Swank
- Swank, June 2004
- Categories: Pornographic magazine
- Frequency: 6/year
- Founded: 1941
- Company: Magna Publishing Group
- Country: United States
- Language: English
- Website: www.swankmag.com

= Swank (magazine) =

American pornographic magazine

Swank is an American pornographic magazine published bi-monthly by Magna Publishing Group. The first incarnation was launched by Victor Fox of Fox Comics in 1941 (and again in 1945) as a men's lifestyle and pin-up magazine in the style of Esquire. Around 1954–1955, it was relaunched by Martin Goodman, the founder of Marvel Comics, and ran spicy adventure or suspense fiction by the likes of Ian Fleming, Graham Greene, Norman Mailer and Arthur C. Clarke. Humorist Bruce Jay Friedman was an editor in the late 1950s.

Along with its sister title, Stag, the magazine was bought by the Magna Publishing Group in 1993. Following that acquisition, the format of Swank changed to include hardcore sex, such as the use of sex toys, lesbian sex, and sexual intercourse between men and women. There are also a series of DVDs and an official website produced under the Swank name. Magna Publishing Group was bought by 1-800-PHONESEX in 2015.

==History==
According to its current owner, Magna Publishing Group, Swank has been established for "well over 65 years". A men's lifestyle title called Swank was launched in the early 1940s, by Victor Fox. In a 2002 article for The New York Times, Matthew Flamm wrote of the magazine's genesis: "[Swank] can even draw a line to the same pulp publishing outfit – Martin Goodman's Magazine Management Company – that in 1939 started the comic book publisher that eventually became Marvel Comics, and that in the 1950s and 1960s employed future novelists like Mario Puzo and Bruce Jay Friedman as writers and editors." Beat poet John Fles also wrote for the magazine. In keeping with its connection to Magazine Management, in the early 1970s Swank ran a three-page comics section that was created by Vaughn Bodē, and continued by Bernie Wrightson and then Jeff Jones.

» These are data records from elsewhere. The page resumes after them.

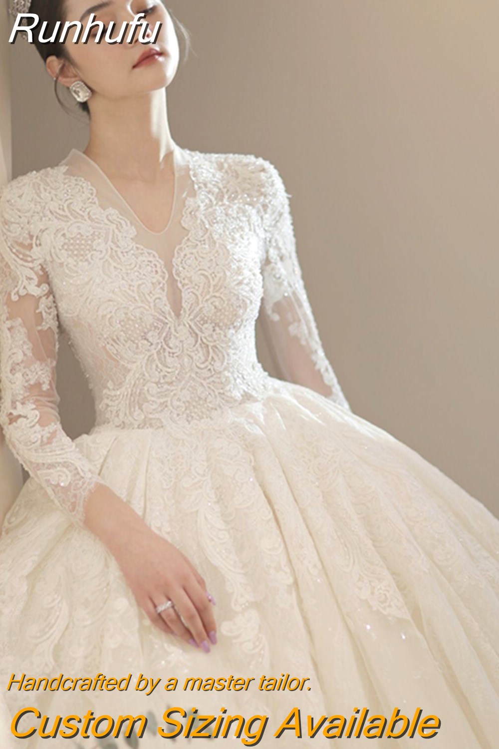 Runhufu Wedding Dress 2023 Long Sleeve New Winter V-neck Flower Ball Gown Princess Wedding Dresses Vestido De Noiva
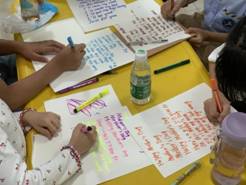 揭牌和开班仪式结束后,孩子们饶有兴趣地走进外国语课堂,这天刚好是母亲节,志愿者老师从对母亲的祝福用语入手,借助图案、歌曲、视频等方式,用纯正的口语、丰富的肢体语言和风趣幽默的授课方式,活动采用角色扮演、小组讨论、模拟对话等多种形式进行,老师和小朋友们互动热烈非凡,现场气氛达到高潮,让孩子们深刻体会到不一样的学习英语的乐趣。
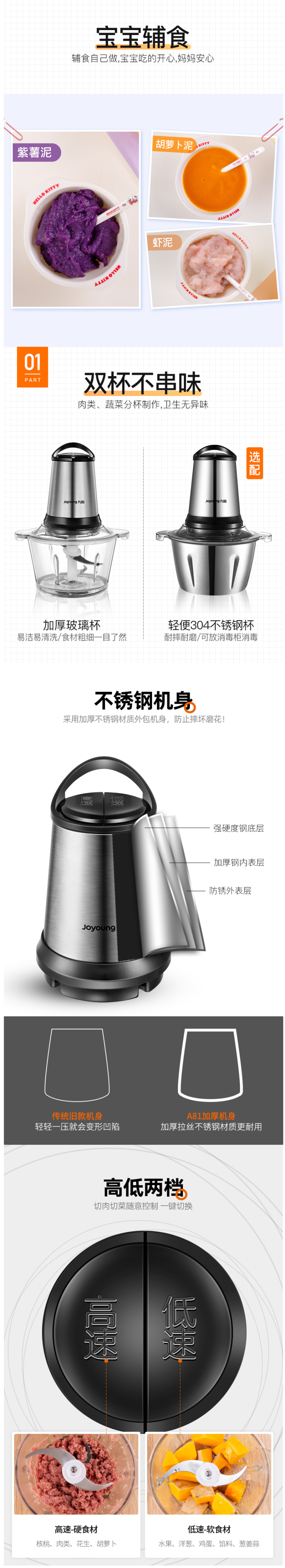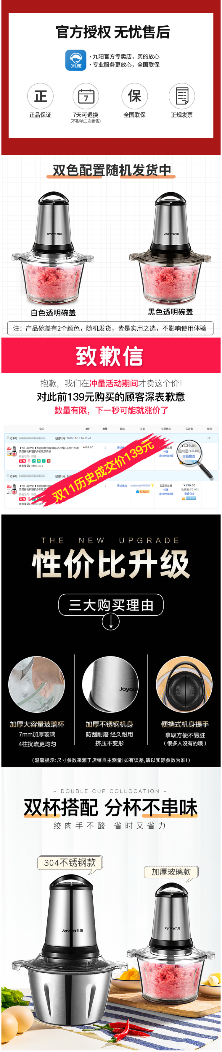 这款九阳 绞肉机质量口碑都非常好。月销量7万+,累计9万4.9好评。可用来搅肉、绞肉、做酱、碎菜、打蛋等。编辑家也备了一个,主要是包饺子做馅料时真是太方便了。一次最大绞肉量可2斤左右,1斤猪肉仅需8秒搅碎。

During its first two decades of operation, Swank had breaks in publication lasting up to several years. The original format was similar to that of the popular men's title Esquire. Magazine archivist Phil Stephensen-Payne gives the date of the first issue as August 1941 and suggests that, after perhaps seven issues, the publication folded and then relaunched in August 1945. Humphrey Bogart, Oscar Levant and Earl Wilson were among the guest contributors over this period.

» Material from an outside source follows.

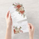 Capture the enchanting beauty of a winter wonderland with this exquisite All-in-One wedding invitation featuring a stunning design of red and ivory poinsettias with holly and pine boughs on a white background. This invitation encapsulates the magic and romance of your special day. The All-in-One wedding invitations are both beautiful and practical by combining the wedding invitation with an easy to remove perforated RSVP postcard. They are also quick and easy to prepare for mailing. Simply address the invitation, fold the back flap and seal with the included clear stickers. Once your guests receive the pre-addressed invitation they simply tear off the perforated RSVP card and drop it in the mail.

A later incarnation celebrated its 20th birthday on the cover of the October 1977 issue. By that time, the content included music-related feature articles by journalist and author Michael Gross.

The Magna Publishing Group bought Swank, along with titles including Stag magazine, in 1993. The previous owner was Charles "Chip" Goodman, the son of Martin Goodman. At the time of the purchase, the company was known as Swank Publications and was part of the GCR Publishing Group, which also published non-pornographic magazines such as New Body and Victorian Accents.

In the 1958 Alfred Hitchcock film Vertigo, a copy of Swank magazine can be seen on the coffee table at James Stewart's character's apartment after he returns there with Kim Novak's character after rescuing her from San Francisco Bay (clearest at 44' 30").